A região acima do Reino da França (número 4), compreende a região dos Países Baixos que,
antes do século XVI, era formada por vários condados, ducados e dioceses que pertenciam ao Ducado
da Borgonha e ao Sacro Império Romano. No século XVI, essa região foi unificada em um estado
regido pela Casa de Habsburgo. Essa breve síntese é relevante para a análise da obra estudada, pois
indica que essa região passava por um período de tumulto político, em que não havia estabilidade
com relação ao “Rei” (no sentido de quem governaria aquele território) e nem com relação a fé. O
Calvinismo havia ganhado muito território nessa região e acabara sufocando a Igreja Católica.

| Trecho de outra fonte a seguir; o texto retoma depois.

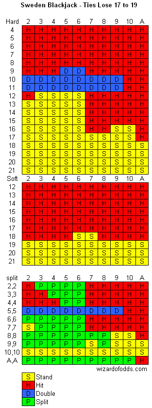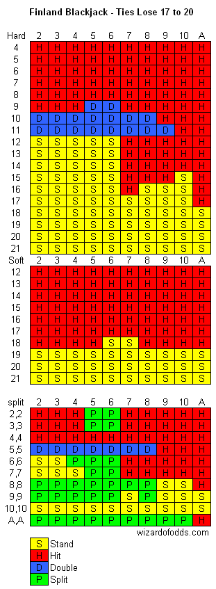 どちらの場合も、ディーラーはソフト17でスタンドすると想定しています。スプリット後のダブルはスウェーデンでは認められていますが、フィンランドでは認められていないと理解しています。スウェーデンではハウスエッジが5.99%、フィンランドでは8.93%だと仮定します。基本戦略チャートはこちらです。

A
Contrarreforma é posterior as tentativas de unificação política desse território, ou seja, com o
território unificado nas mãos de Filipe II da Espanha, passou-se a tentar reprimir a diversidade
religiosa daquele território. Filipe II tornou a vida nos Países Baixos muito difícil para todos, o
espanhol era um defensor implacável da fé católica e lançou vários Éditos antiprotestantes,
contratando vários mercenários espanhóis para fazer cumprir suas leis. Felipe II trocou o bispo local
de Antuérpia, cidade que Bruegel, o Velho, residia, por um bispo mais próximo as suas ideias. Os
comerciantes de Antuérpia estavam insatisfeitos com a perca do domínio local e temiam que a
Inquisição ameaçasse aos não católicos, o que ocorreu de fato.

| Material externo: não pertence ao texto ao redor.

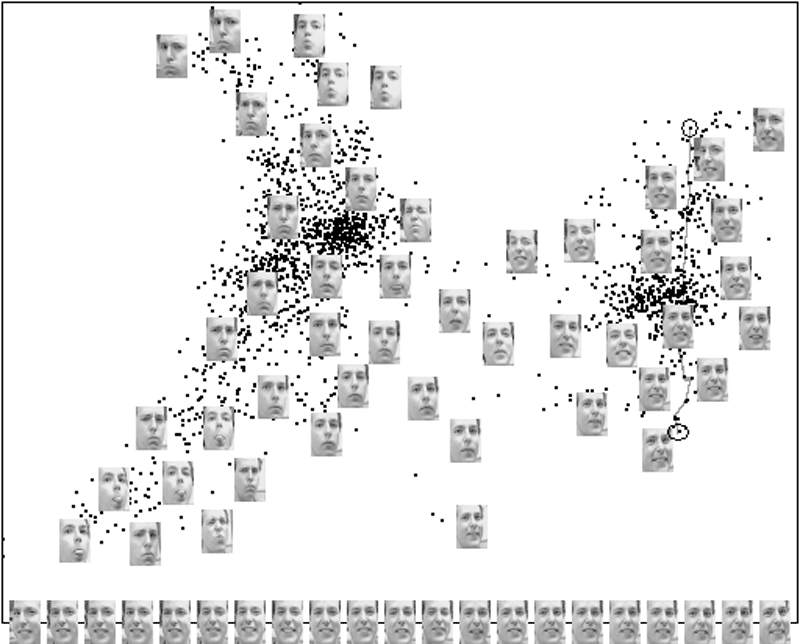 On a ainsi fréquemment observé les manifold associés à certains types d’observations afin de déterminer si le modèle avait bien intégré les règles implicites qui caractérisent cet espace. On compresse souvent cette représentation en features vectorielles de moindre dimension que l’expression finale de cet objet dans la réalité captée (cf ci dessus, un visage représenté par des milliers de pixels est réduit à un vecteur de deux dimensions).

O intento de ter “um só ‘rei’ e uma só fé” fracassou e resultou em várias revoltas contra Filipe
II, não sem antes impor uma catástrofe a região, tema retratado em outras obras do autor. Isso tudo
ocorre a partir de 1556, logo, no momento em que Pieter Bruegel (o Velho) concluí sua obra (em
1559) ele retrata todo esse clima de animosidade política e religiosa que era vivida pela população
dessa região, incluindo o próprio artista. Bruegel, o Velho, reflete nesse quadro os eventos que
ocorreram em Antuérpia, em 1559. O uso predominante da cor vermelha nessa obra, refletia os
sentimentos do artista, de seu medo do que estava por vir. O vermelho era a cor da túnica usada pela
inquisidores. O artista usa vários tons de vermelho, dos mais metálicos ao mais vivo, sugerindo o
poder da Inquisição de ferir mortalmente e o derramamento de sangue que estava por vir. Em 1559,
Antuérpia era o epicentro da rebelião política e religiosa.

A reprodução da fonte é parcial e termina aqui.